And the system handle initrd properly on armv7 with kernel-default (and kernel-vanilla).

Current GCC8 from Tumbleweed (8.2.1+r264010) has probably some wrong optimizations for armv7.
Comment 17 Andreas Färber 2018-10-11 13:31:02 UTC
You say the pointer is the same for the initrd, but doesn't the size optimization reduce the size of the kernel? Can you compare the addresses and numbers there?
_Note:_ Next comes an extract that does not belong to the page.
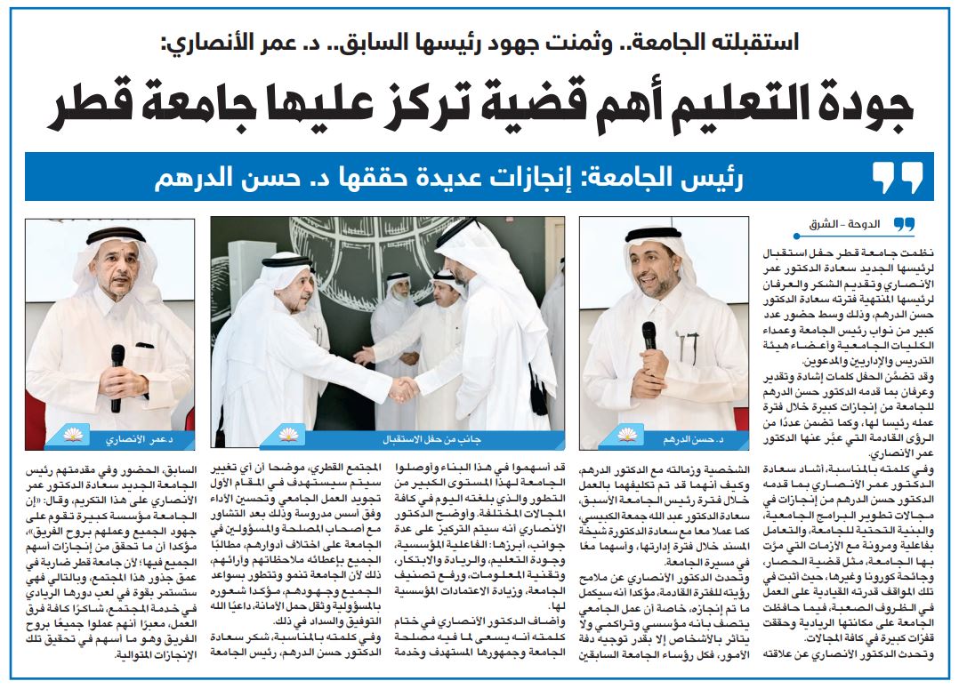 استقبلته الجامعة.. وثمنت جهود رئيسها السابق.. د.عمر الأنصاري: جودة التعليم أهم قضية تركز عليها جامعة قطر

I'd still assume something overwrites the initrd, not miscompiles the kernel.
Comment 18 Matwey Kornilov 2018-10-11 17:03:40 UTC
It can be checked by running kernel and initrd directly as qemu arguments:

qemu -kernel ... -initrd ...
Comment 19 Guillaume GARDET 2018-10-12 19:43:00 UTC
On a broken kernel (zImage-4.18.13-0.gc434d5c-default) on the Beagleboard xM, I dumped what is at initrd place (phys: 0x82008000, virt: 0xC2008000) and I get:
  5F C3 77 C8 1D 12 5F 0A C7 8C 9A 0B 32 B8 3A 97 
  BC 07 F5 DE 40 EE 93 A0 17 FC DB A3 46 B1 2A 35 
  53 C5 01 53 2D B5 56 38 3E 2B 17 69 B9 C7 42 EC 

Which is a part of the kernel (zImage):
  00787ec0  5f c3 77 c8 1d 12 5f 0a  c7 8c 9a 0b 32 b8 3a 97  |_.w..._.....2.:.|
  00787ed0  bc 07 f5 de 40 ee 93 a0  17 fc db a3 46 b1 2a 35  |....@.......F.*5|
  00787ee0  53 c5 01 53 2d b5 56 38  3e 2b 17 69 b9 c7 42 ec  |S..S-.V8>+.i..B.|

But kernel of size 8616888 Bytes (zImage-4.17.13-1-default) or 8736648 Bytes (zImage-4.18.13-0.gc434d5c-default) are broken.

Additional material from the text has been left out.